The U.S. bishop elected by the nation’s Catholic prelates to represent the church on international issues of justice said Friday that “negotiation is the resolution” to the conflict in Syria, not U.S. military intervention.
Des Moines, Iowa, Bishop Richard Pates, who heads the U.S. bishops’ office of international justice and peace, made his remarks in an NCR phone interview, hours after publishing of a letter from him to U.S. Secretary of State John Kerry on the matter stated dialogue was the “only option.”
“The possibility of a diplomatic resolution seems much more appealing than the inevitable havoc and pain and suffering and deaths, especially to innocent civilians that will occur by any military undertaking of the United States,” Pates said in the interview.
“I think that we can phrase it in a lot of different ways, but we have to hopefully have learned something from Iraq, with the unintended consequences.”
Pates’ remarks came as Kerry and President Barack Obama made separate statements in Washington Friday afternoon outlining the reasoning for a possible U.S. military strike in Syria.
Kerry said U.S. intelligence agencies had “high confidence” that a reported chemical weapons attack in the country Aug. 21 had been conducted by forces loyal to the government of Syrian President Bashar al-Assad. Obama said that while he had not decided what action the U.S. military would take, any strike would be a “limited, narrow act.”
UN weapons inspectors are to report on the situation to UN Secretary-General Ban Ki-moon on Saturday.
Speaking in the interview, Pates said “negotiation is the most important element of all of this in obtaining the diplomatic resolution rather than always going back to the military escalation.”
Following is NCR’s full interview with Pates, conducted by phone and edited slightly for clarity and length.
NCR: Is there some sort of barometer the bishops are using to evaluate the situation regarding the U.S. and Syria? Obviously things are evolving rather quickly, particularly as Secretary Kerry said today there’s a “high confidence” in the intelligence evidence. Is there a way the bishops are looking at this?

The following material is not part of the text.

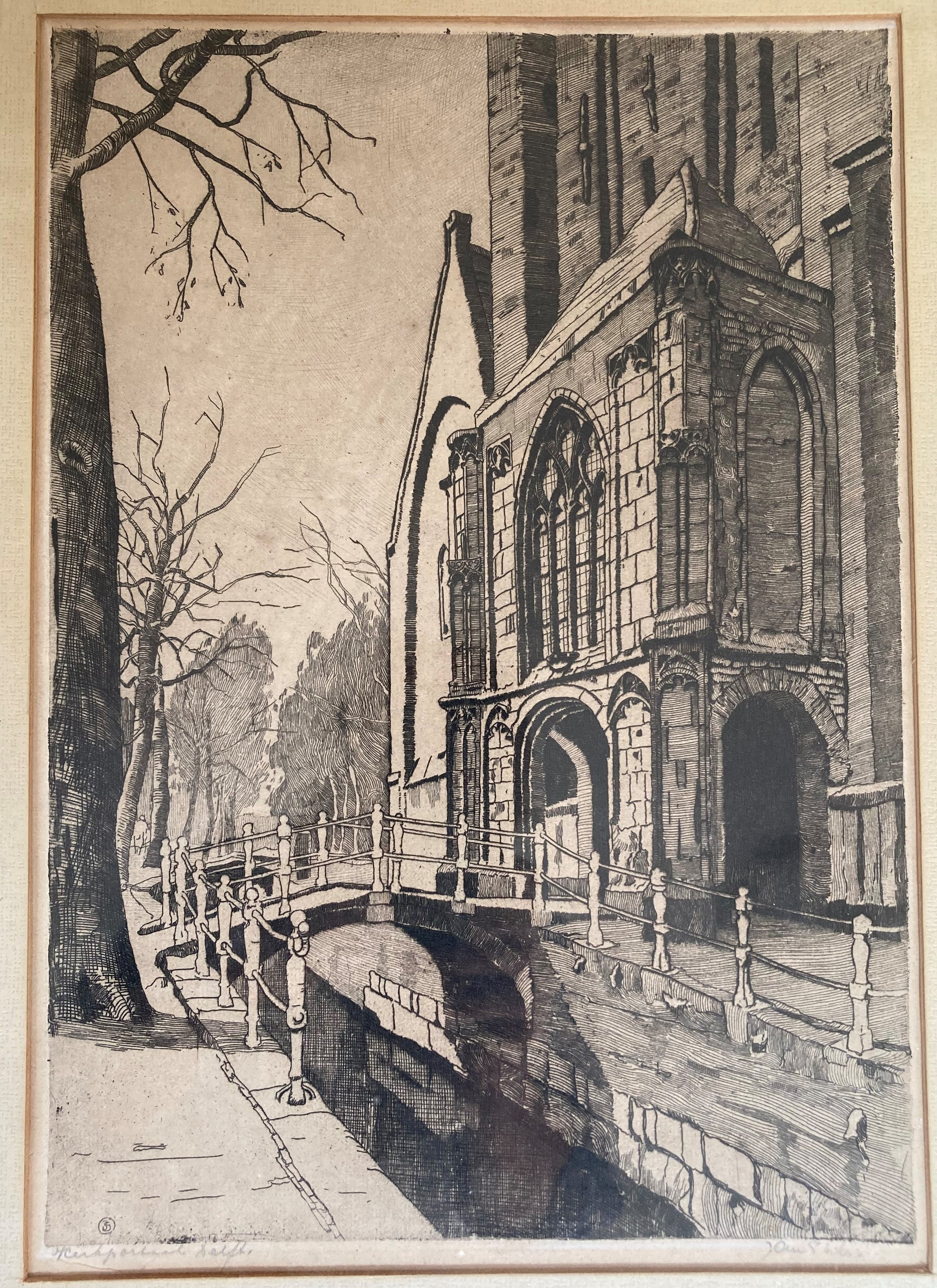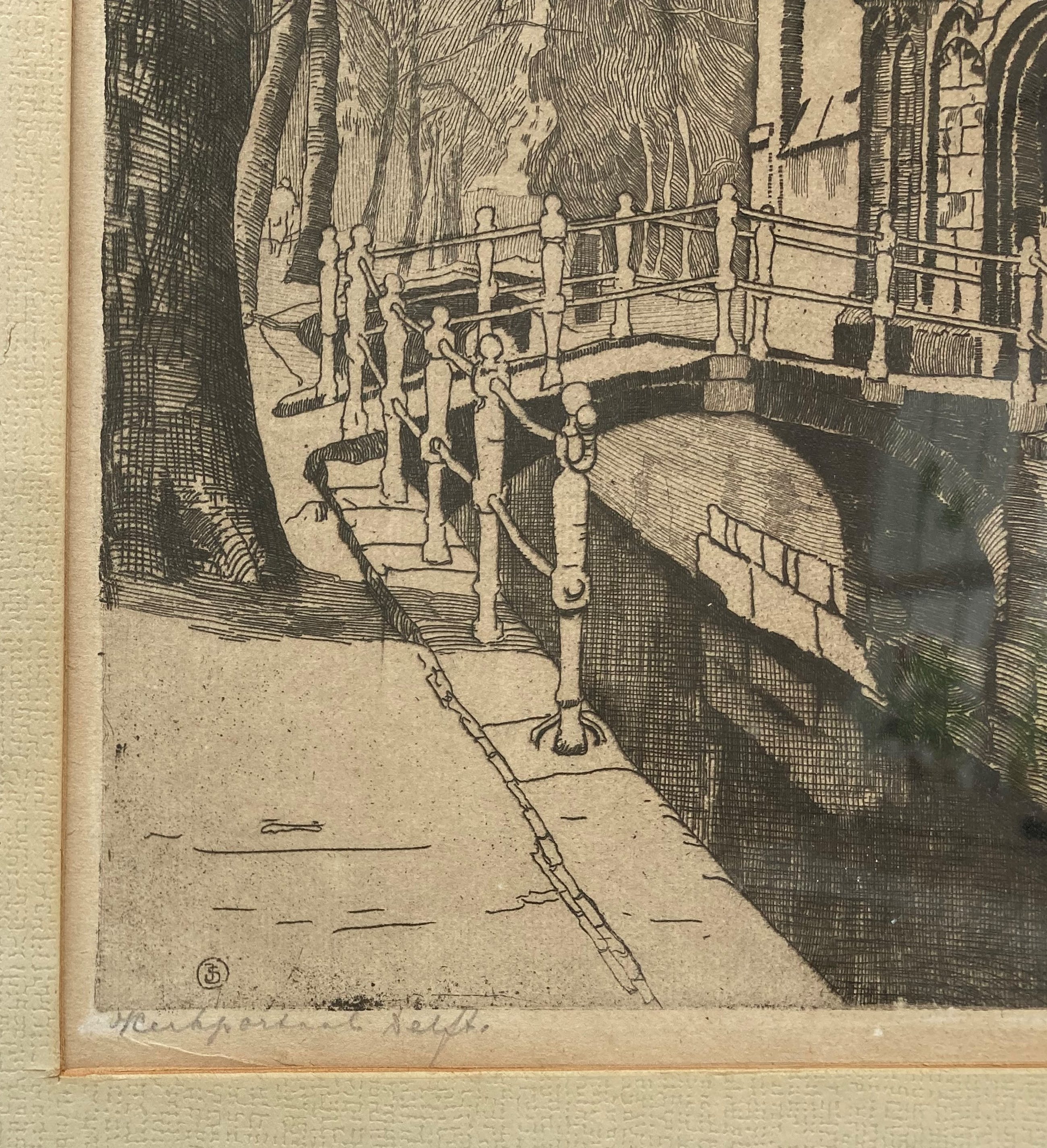 is het stempel van de etser te zien. De titel ‘Kerkportaal Delft’ is in
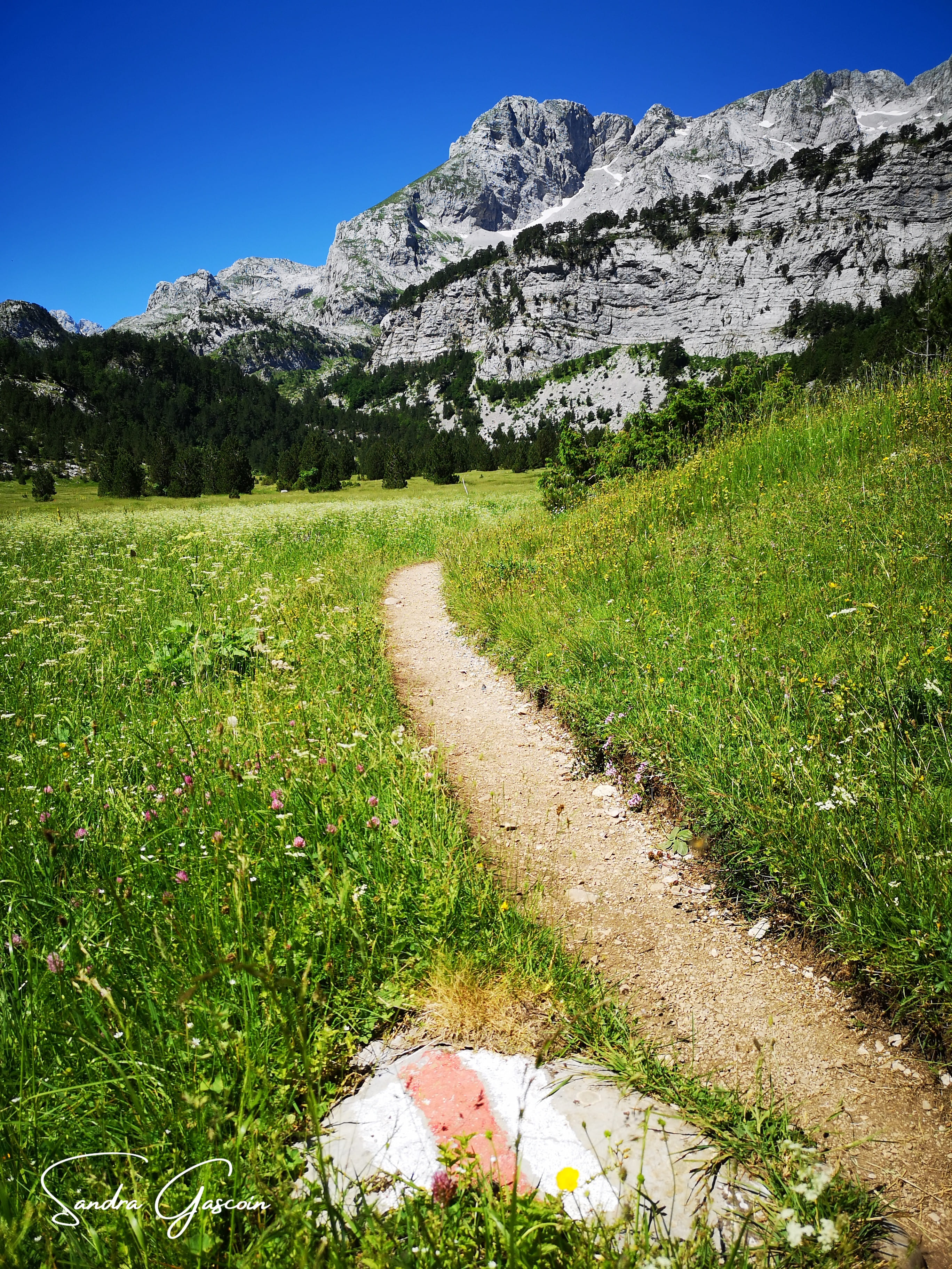 Levée aux aurores, je reprends possession de l’abri touristique occupé la veille pour y prendre mon petit-déjeuner. Cette ultime étape de la Via Dinarica s’annonce ambitieuse. Aujourd’hui, je quitte définitivement le Monténégro pour rejoindre la vallée de Theth, point de départ initial de mon périple. L’excitation de fouler enfin cette partie des Alpes albanaises cède bientôt la place à la stupeur face à un flot toujours grandissant de randonneurs convergeant vers les sommets du Prokletije. Interdite, j’observe cette procession où des dizaines de marcheurs, semblables à des lemmings, suivent un même itinéraire—le mien. Aucun d’eux ne semble arpenter la Via Dinarica ; ils effectuent le tour des Pics des Balkans, une boucle traversant l’Albanie, le Kosovo et le Monténégro.

Pates: I think our position is very strong, in conjunction with the Holy Father, is that we feel that this situation must be addressed through diplomacy, with a negotiated resolution in the best interests of all. You know, Pope Francis’ mantra is “dialogue, dialogue, dialogue.”

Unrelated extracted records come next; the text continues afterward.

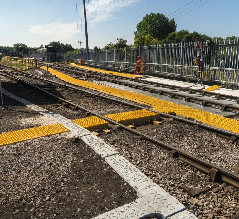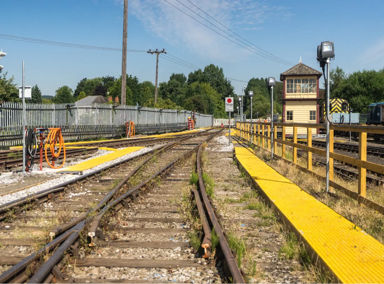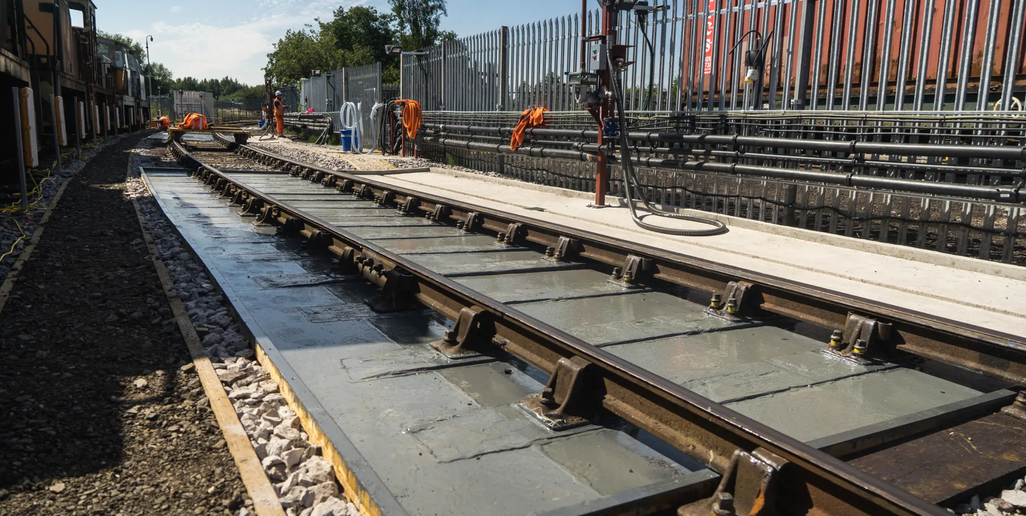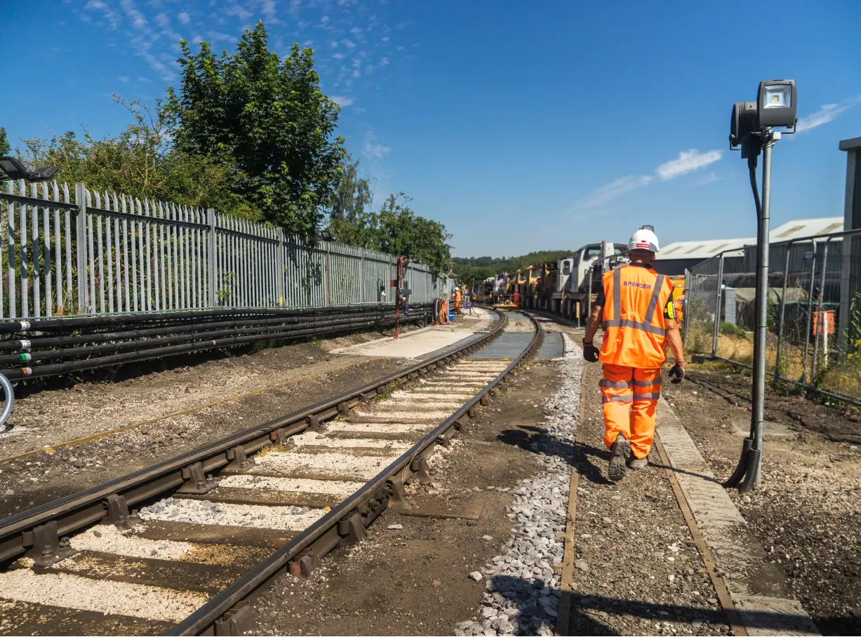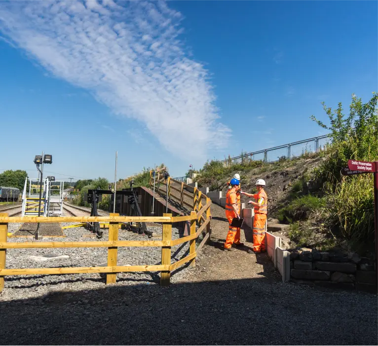 The works included alterations to the permanent way (P-Way) track. Construction of timber-edged walkways and glass-reinforced plastic walkways including track crossings for authorised access routes. Palisade fencing, light and power supplies, train stop boards, water, fuel and drainage points and a trackpan system for emptying or fuelling were installed across the depot.
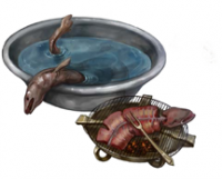 After a few moments, the wolves animate. They rise on clicking mechanisms, their bodies straining to stand on two legs. During this movement, however, one of the wolves’ hind legs collapses, while the fur on the other wolf ’s back splits open, rendering them both inert. Following this horrific display, the griffon’s wings begin to beat, only for one wing to tear off entirely. Moments later, it rips off the front foot attaching it to its display and moves to attack any living creatures in the chamber, as a spark of insight pushes it to inflict pain on others.
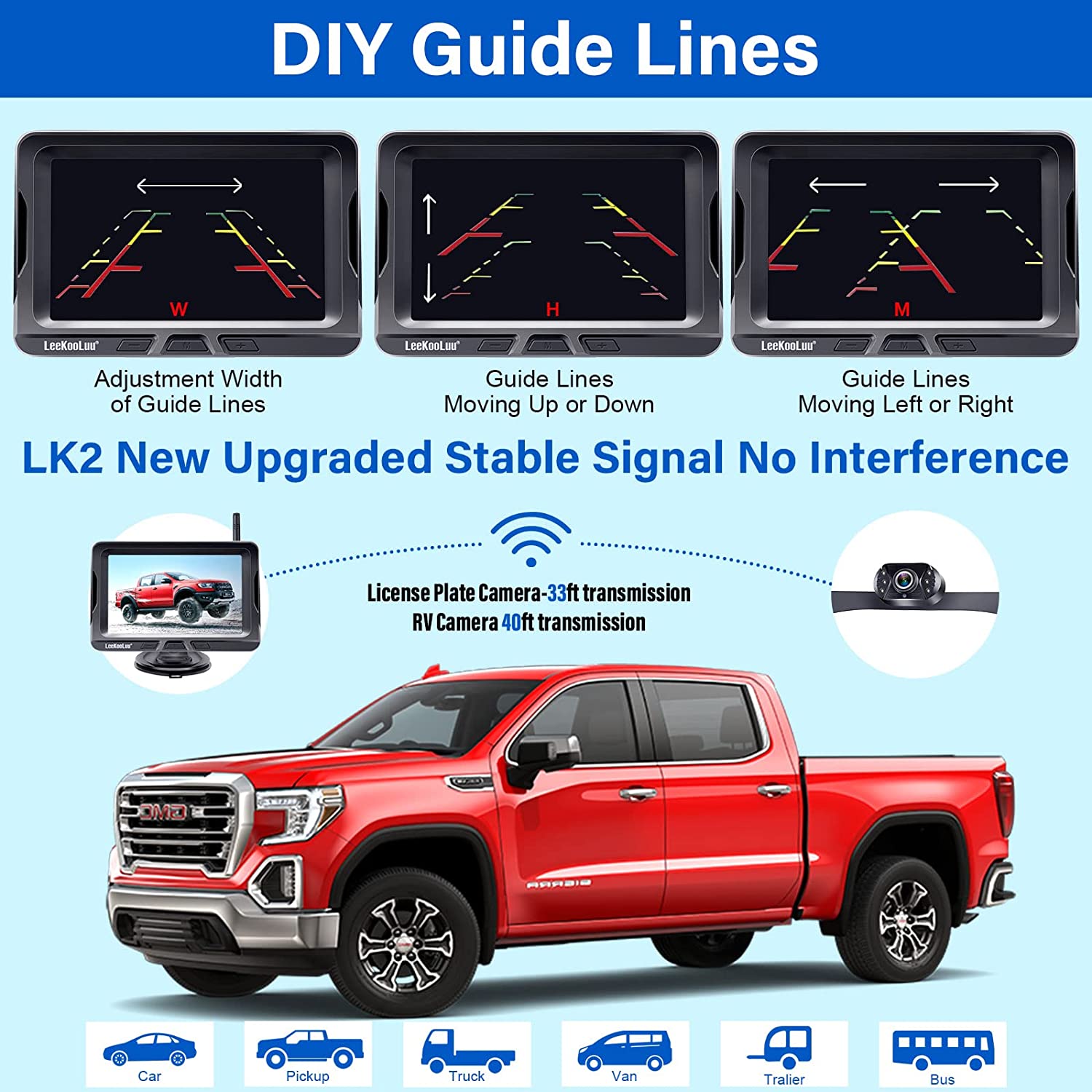 LeeKooLuu Wireless Backup Camera 5 Inch Rear View Monitor Kit HD 1080P Bluetooth Reverse Cameras for Truck Car Van Camper Two Channels Waterproof Night Vision DIY Parking Guide Lines LK2

And while that may for some seem to be unrealistic, if we’re ever going to change the pattern of these conflicts in only looking to a military solution, then we’re really going to have to strive after that.
The possibility of a diplomatic resolution seems much more appealing than the inevitable havoc and pain and suffering and deaths, especially to innocent civilians that will occur by any military undertaking of the United States.
I think that we can phrase it in a lot of different ways, but we have to hopefully have learned something from Iraq, with the unintended consequences. And you know how difficult it has been also in Afghanistan.
The position of the bishops and the position of the pope remain steady and very direct that negotiation is the resolution. The best outcome will be through this process of negotiation.
The U.S. administration is saying that the use of chemical weapons is so abhorrent that there needs to be some sort of response.
I think the response has to be a real dedication to and offensive on negotiations that would bring the war to an end, to begin with. And then, through the international organizations, to bring some sort of a direction or action to seek to rid the world of the possibility [of chemical weapon attack] in the future.
I think the action has to be a unified one to the United Nations. And that whatever might be punitive in character would not be a military exercise, but some way to show that this is not acceptable behavior.
We’re not trying to say that this is acceptable behavior -- we’re saying, “How can it be resolved?”
Pax Christi International released their own statement yesterday. They asked the pope to consider a “peace force” -- to ask faith leaders to go to Syria to accompany people there. Is that something the bishops might consider?
I think that we’re open to whatever would be effective to achieve these ends, and whatever secure means would be provided so that we’re able to continue to exercise moral leadership.
Are there plans among the bishops to keep discussing this? Or, if there’s an attack to have some sort of a response?
I think we’re following the situation closely, monitoring it on an hourly basis so that we would certainly voice our concern. I think it sounds quite repetitious because we have consistently said that negotiation is the most important element of all of this in obtaining the diplomatic resolution rather than always going back to the military escalation.
Your statement today said that the conference as a whole makes as its own the pope’s words. As these discussions are unfolding at the bishops’ conference, who’s around the table? Is it the administrative committee, or is it you on behalf of the office of international justice and peace?
Day-by-day operations are conducted by the office of international justice and peace, but we certainly consult with the members of the administrative committee. But they’re 30 or 40, I think, in number so it’s practically unrealistic.
The office of international justice and peace and its chairman and its committee -- the chairman is selected by the bishops at large for this role. So just like one of us speaks for worship, they’re interim spokespersons. But I think on this issue we feel very confident that we’re representing the body.
But when we get together, we’re due to get together in September, it doesn’t mean the administrative committee would not step up and also make a statement or take a position.